Je mehr unsere Interaktion mit Maschinen der Zusammenarbeit mit Menschen ähnelt, desto ausgeprägter ist das Blackbox-Problem von KI-Systemen. Denn Zusammenarbeit – auch mit intelligenten Maschinen – sollte auf gegenseitigem Verständnis basieren. Dafür muss die Maschine aufzeigen können, wie sie Probleme löst. Damit wir dadurch nicht überfordert werden, sollte die Problemlösung in unterschiedlicher Granularität dargestellt werden. In der Informatik werden dafür Probleme in hierarchischen Ebenen aufgeteilt. Das erleichtert auch die Nachvollziehbarkeit.

Für die Gegenseitigkeit einer Mensch-KI-Interaktion muss nicht nur der Mensch das Verhalten des KI-Systems nachvollziehen können, sondern auch die Maschine dasjenige des Menschen. Beim Menschen ist es die Empathie, die ihn befähigt, sich in andere Menschen hineinzuversetzen. Psychologen sprechen davon, dass Menschen dafür die psychologischen Prozesse des Gegenübers simulieren. Das gelingt umso besser, wenn dafür die eigenen Problemlösungsprozesse nachvollziehbar verwendet werden können. Das ist ein guter Grund, sich in der KI-Forschung wieder mit der algorithmischen Nachbildung menschlicher Intelligenz zu beschäftigen und damit ihrem Namen alle Ehre zu machen. Empathische KI-Systeme können Emotionen abbilden, denn auch in der Interaktion basiert rationales Verhalten auf der Funktion von Emotion: Durch das Zeigen und Erkennen von Emotionen ist eine Interaktion möglich, die sich an den Zustand des Menschen und des KI-Systems anpassen kann. Eine gute Basis für gegenseitiges Verständnis!
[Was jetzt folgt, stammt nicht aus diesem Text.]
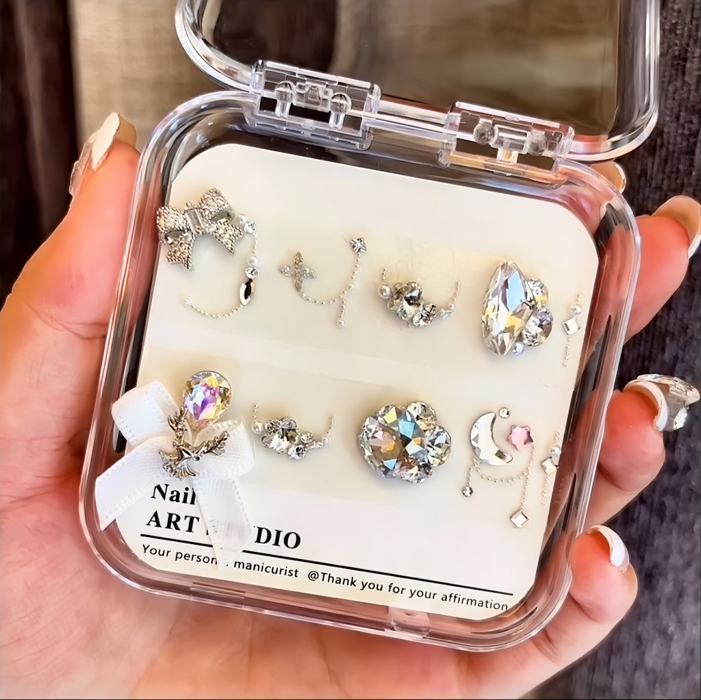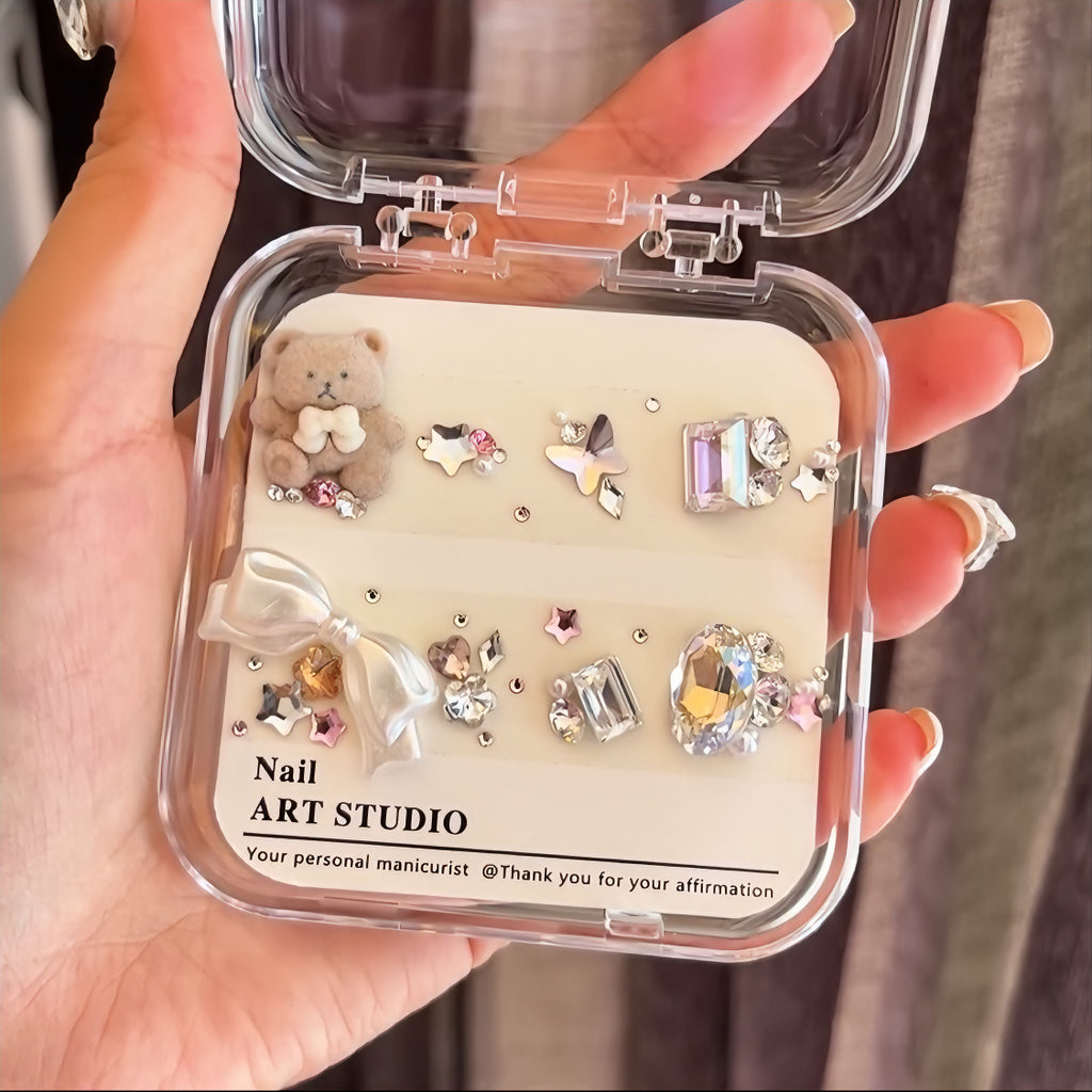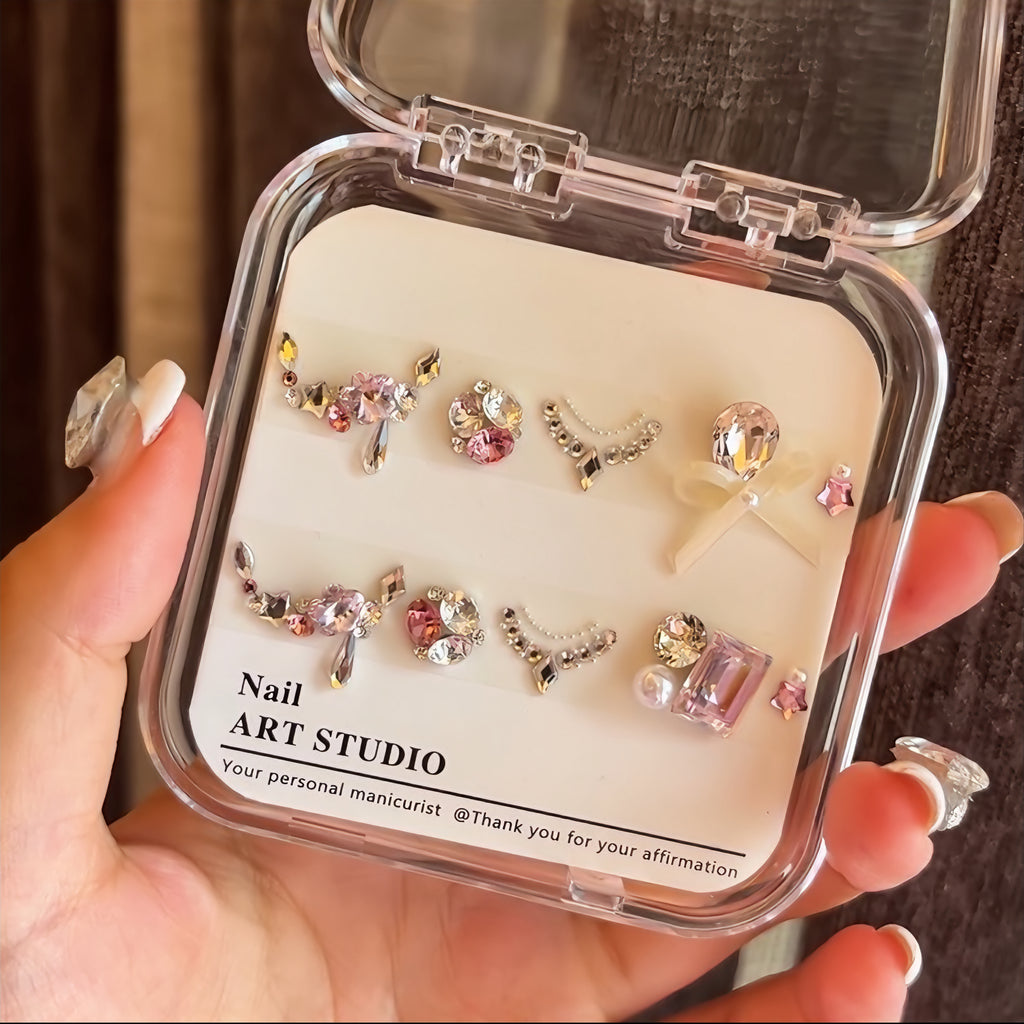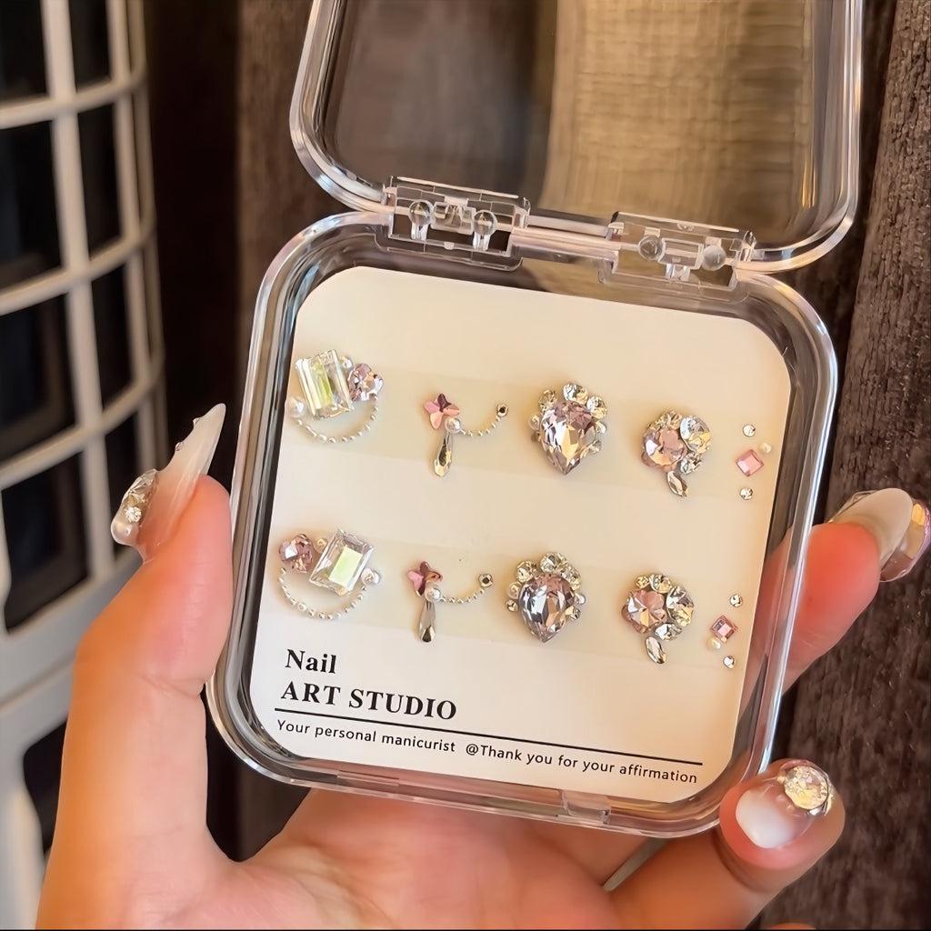 Our DIY diamond material package sets are all handmade. After purchasing, you'll need to use tweezers to pick them out one by one, and then replicate the pre-made designs onto your own nails.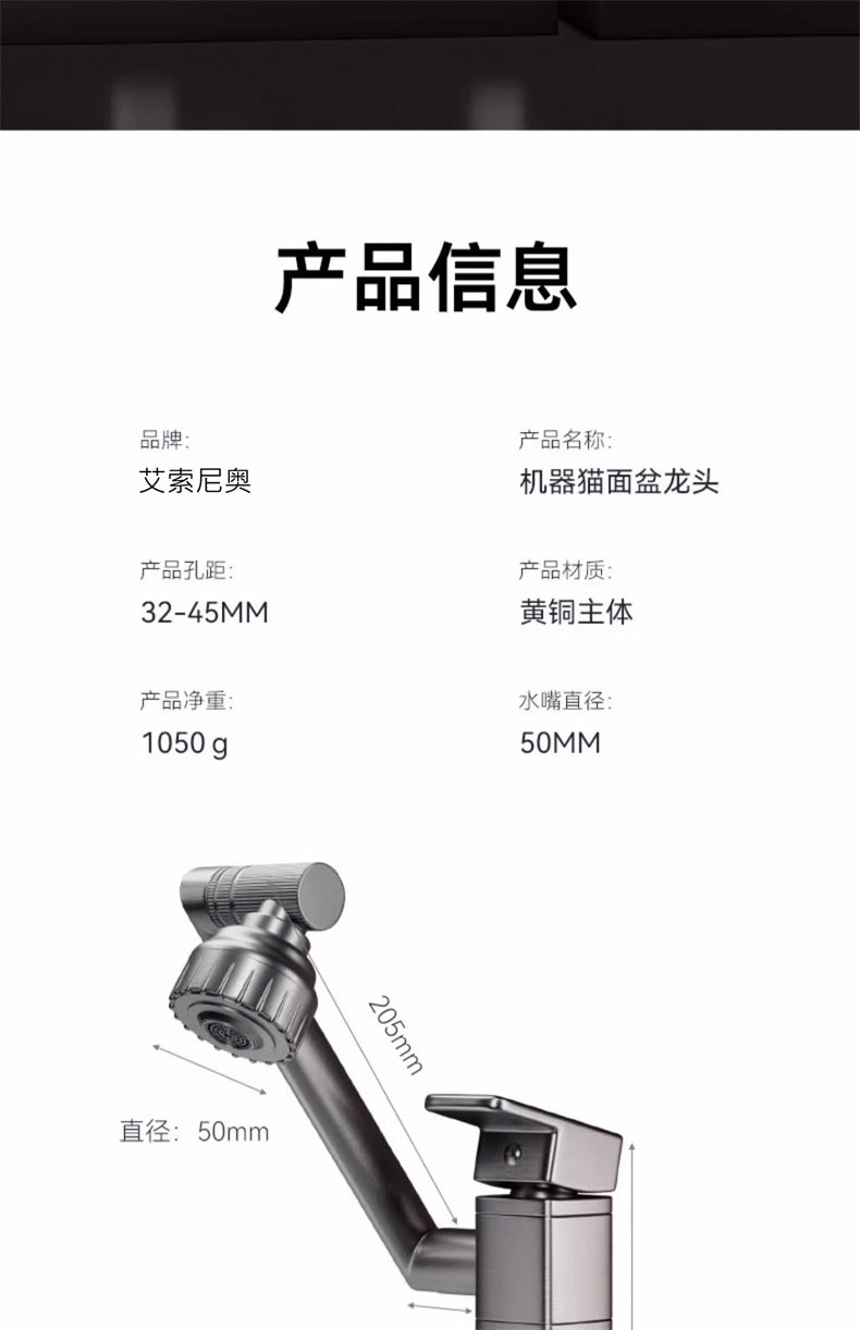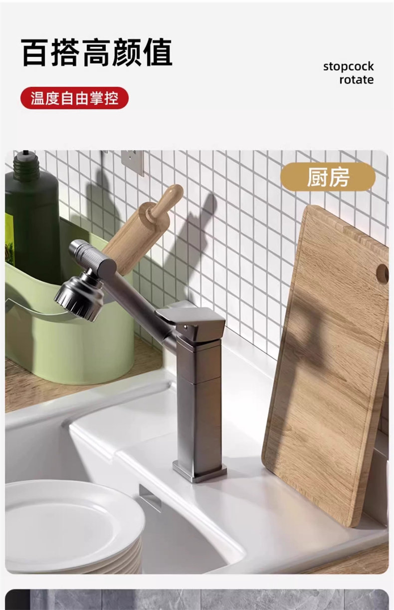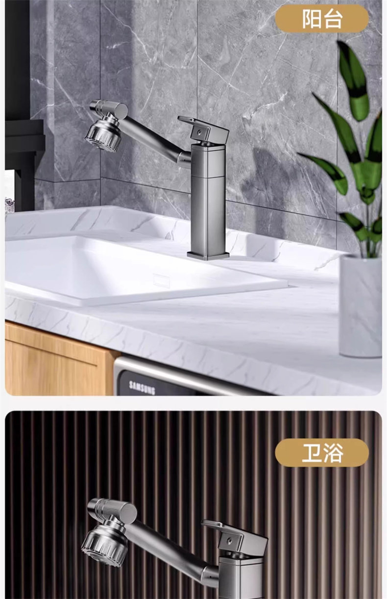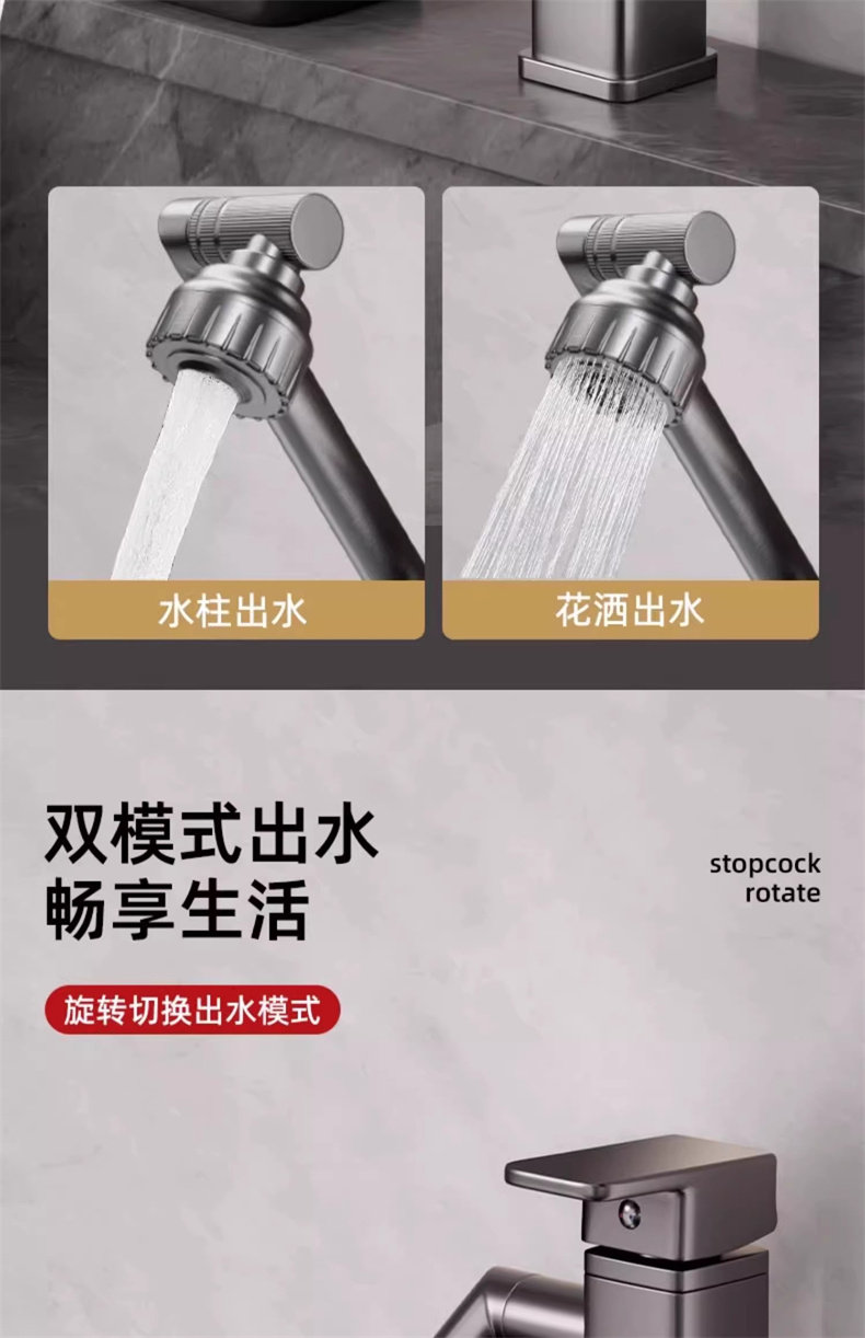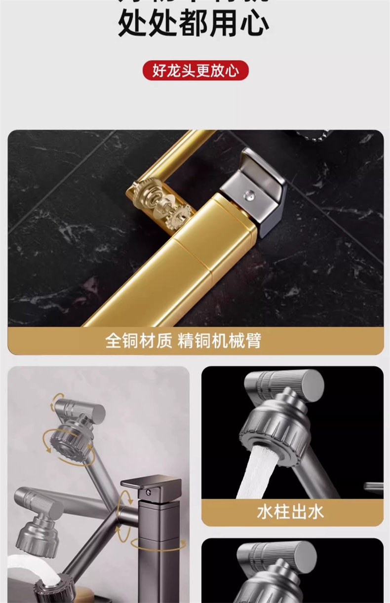 Italian Aisino All-Copper Washbasin Faucet with Hot and Cold Water, Universal Mechanical Arm, Bathroom Washbasin

Wenn bei menschlicher Interaktion das Verhalten von einem der Beteiligten im Dunkeln gelassen wird – etwa seine Intention –, kann das als Zeichen einer unwilligen Zusammenarbeit verstanden werden. Wer so agiert, ist nicht an Kooperation interessiert, sondern strebt oft ein asymmetrisches Interaktions- und Machtverhältnis an. Konsequenter Weise sollten wir solche einseitigen Interaktionsverhältnisse auch im Umgang mit KI-Systemen, die ihre Nachvollziehbarkeit im Dunklen belassen, ablehnen!